1. We have extended our simulations of neurons in 49 cortical columns to include a neuromorphic device that intermittently records from and stimulates 4 cortical columns. The device is meant to create a second, desired visual geometry in which discrete phosphenes are unified. Multinomial logistic regression analyses of spike frequency distributions from simulations that do and do not include the device classify expected numbers of phosphenes with accuracy greater than 99%. This result is important because it demonstrates that adding a second, desired visual geometry with the goal of unifying discrete phosphenes alters spike frequency distributions in a way that permits correct classification of the number of expected phosphenes.
2. We have performed additional multinomial logistic regression analyses of spike frequency distributions which classify expected perceptions of local lightness maxima (phosphenes) on one or more regions of the visual geometry (locations in visual space). The lowest classification accuracy is 98.99% correct for a control parameter value of 40 spikes/s. Accuracy is 100% correct for control parameter values of 50 spikes/s and 60 spikes/s. These results are important because it seems likely that information on local lightness maxima on regions of the visual geometry underlies classifications of the number of phosphenes.
3. We have devised three methods of visualizing spike frequency distributions in an effort to understand properties of the distributions that underlie the above classifications. One method demonstrates that distributions contain information on the column or columns which receive electrical stimulation above the phosphene threshold. This information is exceptionally clear when the control parameter = 60 spikes/s, as shown by the example labeled Figure A. The second method reveals differences between distributions that are produced by changes in synaptic strengths that are introduced in order to alter the visual geometry and thereby unify discrete phosphenes. This method is illustrated by the example labeled Figure B. The third method reveals the dominant difference or differences between distributions that are produced by altering synaptic strengths. This method is illustrated by the example labeled Figure C. All three methods are effective for network alone simulations and for simulations that include the neuromorphic device. These results are important because knowing the columns stimulated and the visual geometry is sufficient for identification of local lightness maxima on regions of the visual geometry.
Surfaces estimated from mean excitatory neuron spike frequencies for simulations of 10 seconds duration are shown for the case of stimulation of columns 5 and 12. The data are from simulations that include the neuromorphic device. The locations of columns 5 and 12 are highlighted using semi-transparent cylinders. Note that the graphic has been rotated through 180° (turned upside down) in order to reveal the low frequencies in stimulated columns. This visualization is made possible by subtracting mean spike frequencies obtained from simulations in which no columns receive above phosphene threshold stimulation. The graphic in the left panel illustrates frequencies for simulations that use the normal geometry, and the graphic in the right panel illustrates frequencies for simulations that use an altered geometry in which synaptic strengths have been changed so that the visual regions corresponding to columns 4 and 5 are each set equal to the union of regions 1 and 4 and 5.
Array plots are shown for the mean excitatory frequencies depicted in Figure A in order to make possible visualization of differences between the frequency distributions for the normal (left) and altered (right) visual geometry data.

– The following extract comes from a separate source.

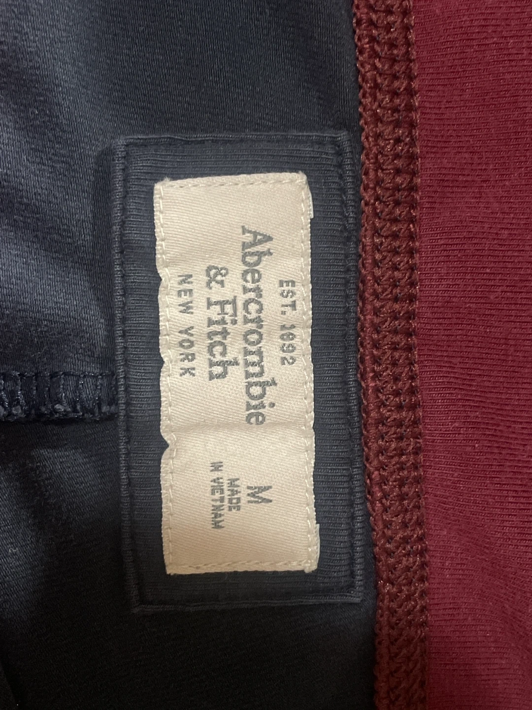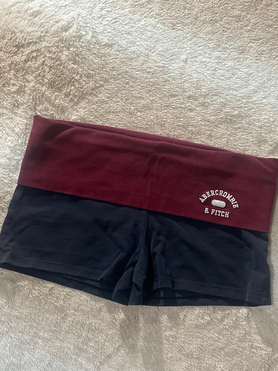Selling a pair of vintage fold-over Abercrombie & Fitch shorts in size medium. The shorts are a stylish combination of burgundy and navy blue. Perfect for casual wear or workouts!

The correspondence between column numbers and positions in the arrays are given in the table in the rightmost panel of this figure. The color spectrum shown between the colored array graphics is anchored to the minimum and maximum frequencies for all stimulation conditions. Note that neurons in columns 5 and 12 have the lowest frequencies. The positions in the arrays that are labeled using the integers 1-5 are examples of visually obvious differences in frequencies that arise from differences in the visual geometries.
A visualization that captures the dominant differences between the frequency distributions for the normal and altered visual geometry data is shown. The absolute value of the ratio of the difference in spike frequencies for the normal and altered geometries that are plotted in Figure A is computed and displayed as an estimated surface. In this example the peak occurs over column 5. Not all stimulation conditions produce such large maxima in ratios that are localized at one or more stimulated columns. However, almost all conditions produce easily visualized maxima.
This patented subject matter and technology, titled “Sense Element Engagement Process of Cortical Prosthetic Vision by Neural Networks,” relates to cortical prosthetic vision processes and, specifically, to production of cortical prosthetic vision by neural networks via a sense element engagement process.
Covered by: US Patent No. 11,769,034; PCT International Patent Application No. PCT/US22/81153.